The world’s power plants and transmission lines are more networked to each other and controlled via the Internet than ever before. And in that, Wall Street sees a business opportunity.
Investors including banks and venture capital firms more than doubled their financing last year to private companies focused on developing cyber-security solutions for power-grid operators, utilities and other industrial businesses, a Bloomberg New Energy Finance analysis shows. The $1.7 billion of funding since 2010 is a bet that the industry’s rush into the Internet-of-things era will raise the risk of cyber-attacks on grids and demand for services that fight them.
BNEF clients can see the full report, “Industrial Cybersecurity: An Urgent Need”, on the Terminal or on web.
“Utilities and industrials in general have been connecting real assets like power plants to the Internet,” Claire Curry, an analyst at Bloomberg New Energy Finance, said by phone. “They get a lot more data and efficiencies that way. But they’re also realizing the consequences for hacking. Lots of startups are springing up, saying, ‘We can protect you.”’

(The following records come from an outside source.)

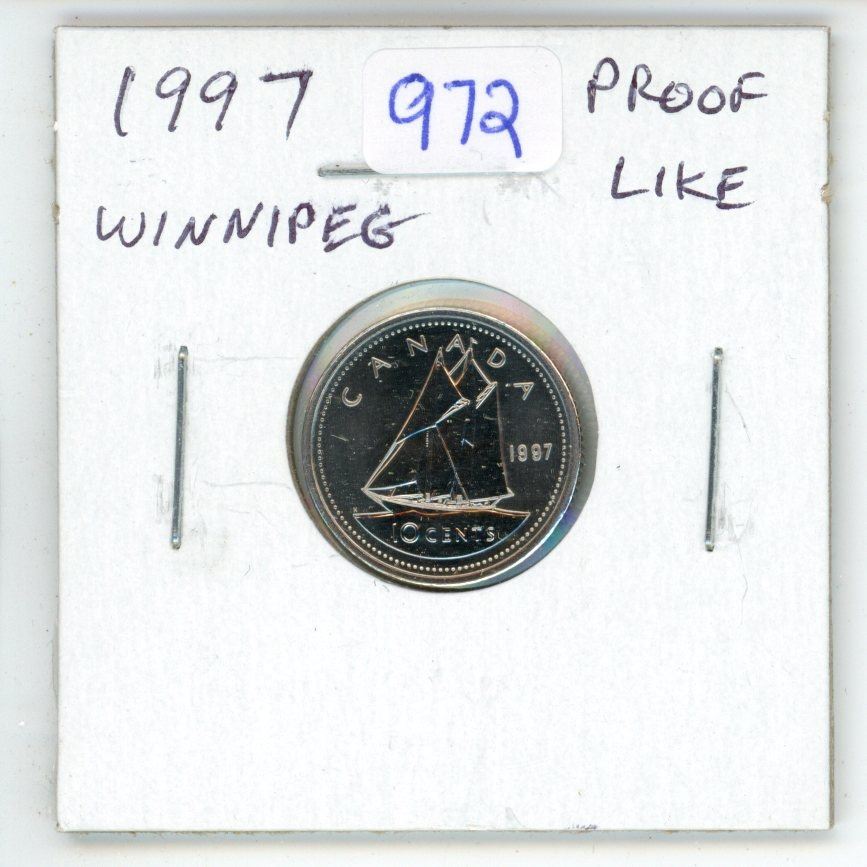 1997 Winnipeg 10 Cents. From a Proof Like Set. PL-65. Lustrous.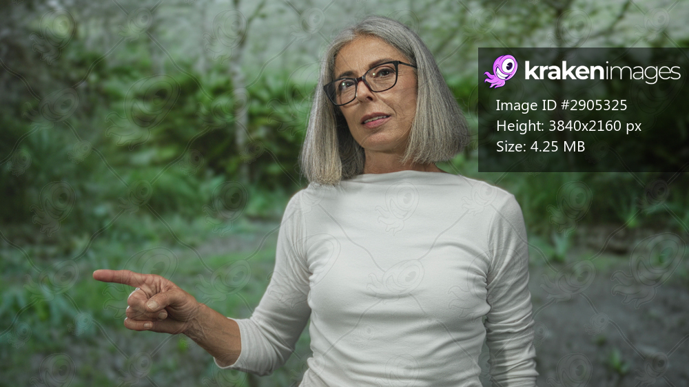 Woman with grey hair finger pointing upward in forest park outdoors wearing glasses and white shirt; serenity wisdom.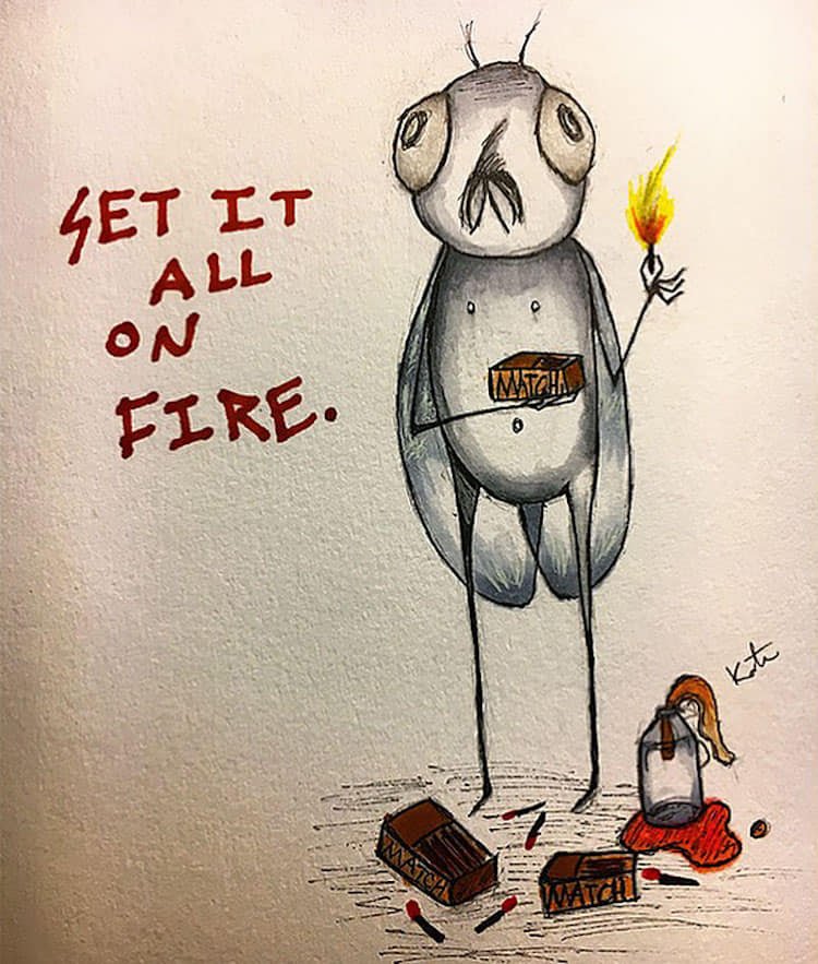 “…ডাক্তার আমাকে যেই ওষুধ দিয়েছিলেন সেগুলো বেশ কার্যকরী। আমি পরিস্থিতি আরো নিয়ন্ত্রণ করতে পারছিলাম। ওদের দেখার জন্য এখন আর আমাকে চোখ বুঝতে হয় না। আমার নুডুলসের বাটিতে, লতানো গুল্মে, আমার চুলে সবখানেই তাদের স্বাচ্ছন্দ্যে দেখতে পাই। তারা অনেকটা… বিড়ালের মত। পোষা৷ তবে বুদ্ধিশুদ্ধি একটু কম। আমার মনে হয় তারা আমাকে তাদের কাছে নিয়ে যেতে চায়। বাথরুমের আয়নায় এখন আর নিজের প্রতিবিম্ব দেখি না। শুধু দেখি বিশাল এক পোকা বা কৃমি আমার দিকে চেয়ে আছে। দুলছে, ডান থেকে বামে। বাম থেকে ডানে। তাদের আহবানে সাড়া দিতে খুব মন চায়। কিন্তু তাদের দুনিয়ায় আমি মানুষ হিসেবে কী করে যাই? আমাকেও তাদের মত কিম্ভুতাকৃতির সাদা পোকা হয়ে যেতে হবে না?…”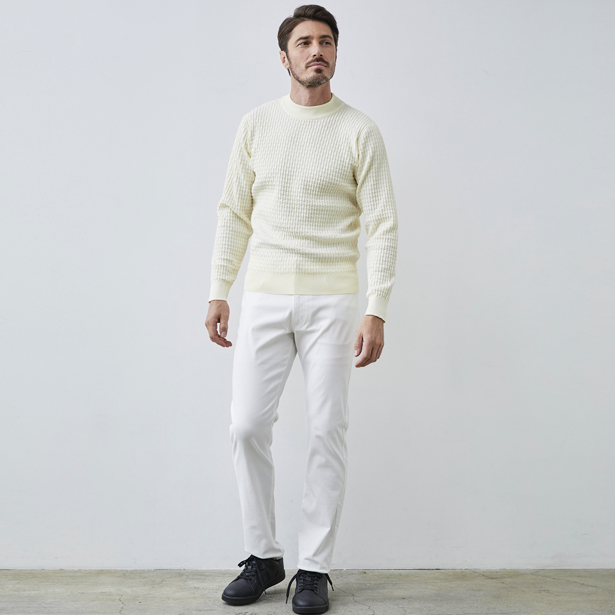 HOMEITEM PANTS パンツ 秋冬 高いストレッチ性でシーズンフリーなシンプルツイルパンツ ストレッチツイルパンツ ウエストストレッチ 美脚パンツ 240533-1 240532 G-stage ジーステージ 価格: ¥6,490 (税込) [ポイント還元 64ポイント~] 販売期間: カラー: 選択してください (No.101)ホワイト (No.105)ベージュ (No.110)ネイビー (No.111)ブラック (No.203)ライトグレー (No.204)チャコールグレー (No.211)千鳥ブラック (No.001)ホワイト (No.004)チャコールグレー (No.010)ネイビー (No.011)ブラック サイズ: 選択してください 44 46 48 50 [裾上げ希望]: お裾上げ方法を下のプルダウンより選択ください。 お裾上げをご希望の方は、購入手続き画面の 「お裾上げ 股下サイズ」に股下サイズを合わせてご記入ください。 お裾上げ後の返品・交換はお受けできません。 仕上がりはご注文承諾より1週間程度お時間頂戴いたします。 ※お裾上げの必要がない場合は、「裾上げなし」をご選択ください。 選択してください 裾上げなし(¥0) デニム仕上げ(¥1,100) シングル仕上げ(¥1,100) ダブル仕上げ(¥1,100) 数量: 枚 カラーサイズ在庫(No.101)ホワイト44○46○48○50○(No.105)ベージュ44○46○48○50× (No.110)ネイビー44○46○48○50× (No.111)ブラック44残り3点以下46残り3点以下48○50残り3点以下(No.203)ライトグレー44○46○48○50○(No.204)チャコールグレー44○46○48○50○(No.211)千鳥ブラック44○46○48残り3点以下50× (No.001)ホワイト44× 46× 48残り3点以下50× (No.004)チャコールグレー44× 46× 48○50○(No.010)ネイビー44× 46× 48× 50× (No.011)ブラック44× 46× 48× 50× __MEMBER_ID__ 素材■ ストレッチオペロン本体:(No.101,105,110,111) レーヨン50%、ポリエステル24%、ナイロン22%、ポリウレタン4%(No.203,204) レーヨン50%、ポリエステル26%、ナイロン20%、ポリウレタン4%(No.211) レーヨン54%、ポリエステル43%、ポリウレタン3% サイズウエスト 股上 股下 ワタリ幅 裾幅 ヒップ 44(S相当) 77 22.5 75 31 17 95 46(M相当) 81 23 75 32 17.5 99 48(L相当) 85 23.5 78 33 18 103 50(XL相当) 89 24 78 34 18.5 107 ■ ストレッチインベル本体:(No.001,011) レーヨン75%、ナイロン22%、ポリウレタン3%(No.004,110) ポリエステル48%、レーヨン26%、ナイロン22%、ポリウレタン4% サイズウエスト 股上 股下 ワタリ幅 裾幅 ヒップ 44(S相当) 77 23.5 76 30 17 96 46(M相当) 81 24 76 31 17.5 100 48(L相当) 85 24.5 79 32 18 104 50(XL相当) 89 25 79 33 18.5 108 ※単位はcmです。※サイズ表より前後2cmは誤差の許容範囲とさせて頂いております。 サイズ表はこちら 生地の厚さ 薄いやや薄い普通やや厚い厚い 裏地 あり なし 透け感 あり なし 伸縮性 あり なし 光沢 なし あり お手入れ方法 当て布使用 お手入れ方法のアイコンについて 高いストレッチ性でシーズンフリーなシンプルツイルパンツ高いストレッチ性とハリ感が魅力のポンチニットを使用した、シーズンフリーで活躍するコンフォートパンツです。ドレープ感ある柔らかく丈夫なツイル素材に、適度な可動域をサポートする伸縮素材が特徴。まるでスウェットのような楽な履き心地ながら、上品なハリ感と洗濯しても型崩れしにくい耐久性を兼ね備えています。カジュアルからキレイめ、そしてフォーマルなシーンまで対応できる万能さがポイント。汚れが付きにくい生地なので、アクティブな毎日にも安心して着用いただけます。ウエストは締め付け感のない伸縮性のあるウエスト芯(インサイドベルト)で約7cmの可動域があり、長時間の着用でもストレスを感じません。高機能でスタイリッシュ。オンオフを問わず、毎日を快適に彩る万能パンツです。 サイズ上のご注意点 サイズ表記は、商品本体のサイズになります。(ヌードサイズではございません) サイズにつきましては、お手元の衣類と本サイズを合わせて下さい。 商品の素材等によっては、多少サイズに誤差が生じる場合がございます。 (当店では前後2cmは誤差の範囲内とさせて頂いております。) 在庫につきまして 当店では実店舗、並びに複数のECサイトと在庫を共有しております。 そのため、在庫システムの反映のタイミングによっては、ご注文いただいたにも関わらず商品が完売・欠品している場合がございます。 その際は、ご注文確認メール後に再度当店よりご連絡させて頂きます。 商品画像について 商品画像の一部は、自然光や屋内照明の影響により、実際の商品と色味が若干異なって見える場合がございます。 お客様がお使いのデバイス(スマートフォン、PC、タブレットなど)の環境によっても、色の見え方が異なる可能性がございます。 商品番号について 商品番号、カラー番号は生産管理上の番号でございますので、商品ページ記載の番号と、実際の商品の下げ札・ネームの番号が異なる場合がございます。 ストレッチツイルパンツ ウエストストレッチ 美脚パンツ 240533-1 240532 G-stage ジーステージ 価格: ¥6,490 (税込) [ポイント還元 64ポイント~] 販売期間: カラー: 選択してください (No.101)ホワイト (No.105)ベージュ (No.110)ネイビー (No.111)ブラック (No.203)ライトグレー (No.204)チャコールグレー (No.211)千鳥ブラック (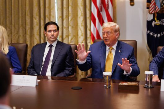 도널드 트럼프 미국 대통령과 마르코 루비오 미 국무장관이 8일(현지시각) 미국 워싱턴DC 백악관 내각실에서 열린 내각 회의에 참석해 있다. /연합뉴스 |

Fundraising by cyber-security companies focused on the industrial sector rose to almost $700 million last year from just $5 million in 2010, according to the BNEF analysis of financing data from CB Insights. By one cyber-security firm’s count, at least one threat to industrial operations occurs somewhere in the world every day. The U.S. Energy Department warned in a report last year that the electricity system “faces imminent danger” from cyber-attacks, and hackers were said to have breached at least a dozen U.S. power plants.
The surge in financing “underscores the demand for these services,” Curry said. “They’re picking up on the fact that a number of the power companies now, especially grid operators, are getting nervous.”
The biggest challenge for grid operators and utilities, she said, may be coming up with monitoring software that better alerts them to security threats. In its report, BNEF recommends that utilities identify vulnerabilities, deploy safeguards and constant supervision; and be ready for damage control after a cyber-attack.